Your debut novel, In Memoriam, won the Waterstones Debut Fiction Prize and its Novel of the Year Award. What’s it about and what was your motivation for writing it?
I was trying not to write a novel when I wrote In Memoriam! When I left university, I decided to write a novel a year until I wrote one that was good. I wrote three in quick succession, none of them good enough, and gave up hope. It was while I was working on other things that I stumbled upon the student newspapers from my old boarding school. I had been thinking about the war poet Siegfried Sassoon, who went there, so at first I read the old papers searching for traces of him. (There were almost none. He wasn’t keen on the school, as it turns out.)
The papers were brutal in a way that is difficult to describe. They sucked me in: I ended up reading every issue from 1913-1919. They were written by the students, for the students. The boys were thrilled when the war broke out and enlisted in droves.
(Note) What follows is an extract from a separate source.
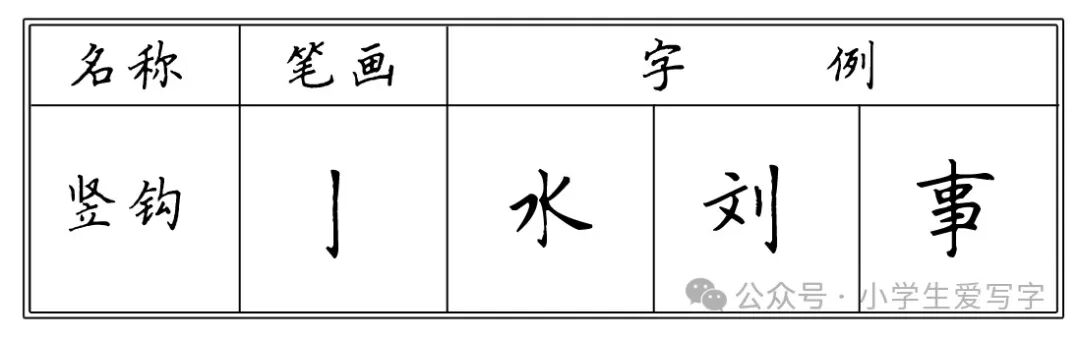 与横勾相同,竖钩也是复合笔画,它是在竖画的基础上加上向左上的勾画。书写时,首先写竖画,竖画行至末端,向左下顿笔,直接向左上勾出。

They wrote letters about how jolly it was not to have to wash. Then, of course, they began to die.
To begin with, the In Memoriams – written, usually, by teenage boys for their slightly older brothers and friends – swell with astonishing patriotism. “He died a soldier’s death on the field of honour,” writes one obituary, about a 25-year-old, recently married, who was shot in the stomach and abandoned in a trench for more than 12 hours before finally dying in a cave that was being used as a hospital. “He was a very gallant fellow . . . ” the In Memoriam goes on, “They had never seen such bravery – it was marvellous!”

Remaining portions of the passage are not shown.